Sept ans après la mort de Jeffrey Epstein, aucun procès ni mise en examen n’a encore abouti en France, alors que le milliardaire américain avait fait de Paris une plaque tournante de ses activités en Europe. Un appartement situé avenue Foch, un réseau bien réel, des victimes toujours en attente de justice : autant dire que cette affaire dépasse largement les frontières américaines. Selon Ouest France, un podcast inédit, fruit d’une enquête approfondie menée par Arnaud Wajdzik, revient sur les liens entre Epstein et la France, soulignant pourquoi cette affaire doit aussi être considérée comme française.
Ce qu'il faut retenir
- Sept ans après sa mort, aucune mise en examen ni procès n’a été ouvert en France dans l’affaire Jeffrey Epstein.

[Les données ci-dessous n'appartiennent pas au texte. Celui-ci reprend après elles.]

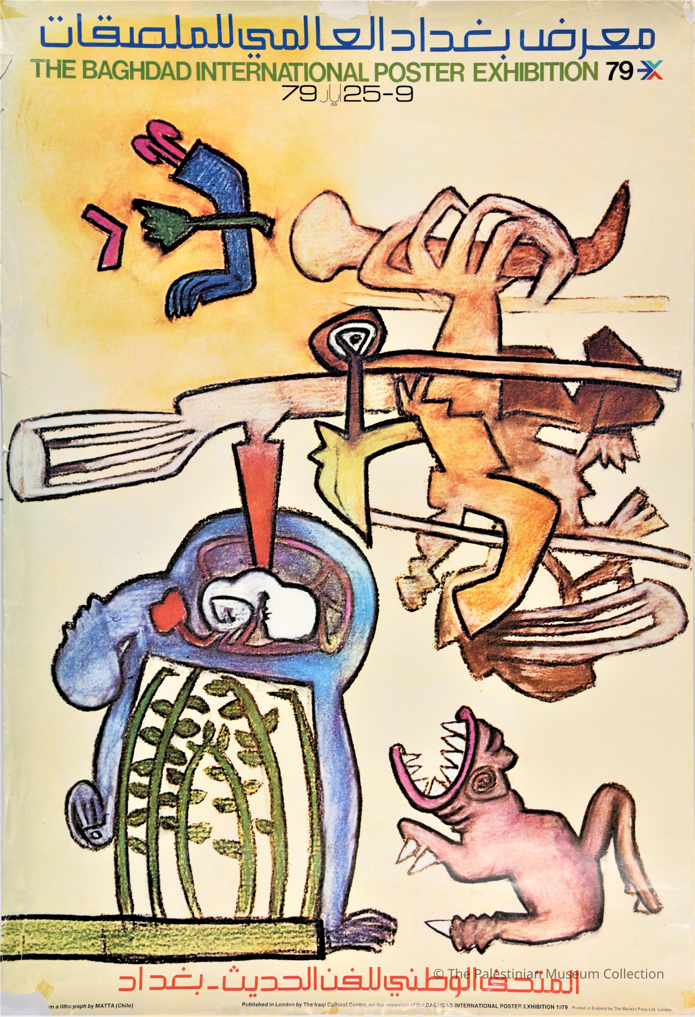 A promotional poster for the 1979 Baghdad International Poster Exhibition held between May 9th-25th. The poster was issued in London by the Iraqi Cultural Centre.Dimensions

- L’homme d’affaires américain possédait un appartement avenue Foch à Paris, utilisé comme base arrière européenne.
- Des victimes françaises et internationales attendent toujours une reconnaissance de leurs droits et une justice.
- Un podcast inédit, produit par Ouest France, révèle les connexions françaises de l’affaire.
- Arnaud Wajdzik, journaliste enquêtant pour Ouest France, explique pourquoi cette affaire est aussi une « affaire française ».
Paris, plaque tournante européenne d’Epstein
Jeffrey Epstein n’a pas choisi Paris au hasard. Selon les éléments recueillis par Ouest France, la capitale française servait de base arrière stratégique pour ses activités en Europe. Un appartement situé avenue Foch, l’un des quartiers les plus prestigieux de la ville, a notamment été identifié comme l’un de ses lieux de résidence en France. Ce bien immobilier, acquis dans les années 2000, aurait été utilisé pour des rencontres et des activités dont les contours restent encore flous aujourd’hui.
Les enquêtes menées Outre-Atlantique ont révélé l’ampleur du réseau d’Epstein, mais peu d’éléments ont filtré concernant ses connexions avec des personnalités ou des structures françaises. Pourtant, comme le rapporte Ouest France, des indices laissent penser que son influence s’étendait bien au-delà des États-Unis. Des victimes françaises figurent d’ailleurs parmi les plaignantes dans les procédures américaines, confirmant l’ancrage hexagonal de cette affaire.
Des victimes en quête de justice
Si les États-Unis ont mené des investigations poussées après l’arrestation d’Epstein en 2019, la France est restée en retrait. Sept ans après sa mort, aucun procès n’a abouti dans l’Hexagone, et aucune mise en examen n’a été prononcée. Pourtant, des victimes, françaises pour certaines, attendent toujours réparation. Selon les éléments révélés par Ouest France, certaines d’entre elles ont tenté de porter plainte en France, sans succès jusqu’à présent.
« Les victimes se heurtent à un mur procédural », explique Arnaud Wajdzik, qui a enquêté pour Ouest France. L’absence de cadre juridique clair et les réticences des autorités françaises à s’emparer pleinement de l’affaire expliquent en partie cette situation. Pourtant, les témoignages recueillis montrent que des réseaux locaux ont pu faciliter les activités d’Epstein en France, sans que cela ne donne lieu à des poursuites.
Un podcast pour lever le voile sur l’affaire française
Pour combler ce vide, Ouest France publie un podcast inédit, fruit de plusieurs mois d’enquête. Réalisé par Arnaud Wajdzik, ce documentaire audio plonge dans les zones d’ombre françaises de l’affaire Epstein. Il revient sur les éléments concrets recueillis en France : l’appartement avenue Foch, les réseaux d’influence, et les obstacles rencontrés par les victimes pour obtenir justice.
« Cette affaire ne peut plus être considérée comme uniquement américaine », souligne Wajdzik. « Les liens avec la France sont réels, et il est temps que les autorités françaises s’en saisissent pleinement. » Le podcast met notamment en lumière des témoignages de victimes, ainsi que des éléments inédits sur les connexions entre Epstein et des personnalités françaises. Une première dans le paysage médiatique français, selon Ouest France.
Au-delà des frontières françaises, cette révélation soulève une question plus large : comment des réseaux criminels parviennent-ils à prospérer en s’appuyant sur des juridictions différentes ? La réponse déterminera en partie l’avenir de la lutte contre les réseaux de trafic et d’exploitation, qu’ils soient locaux ou internationaux.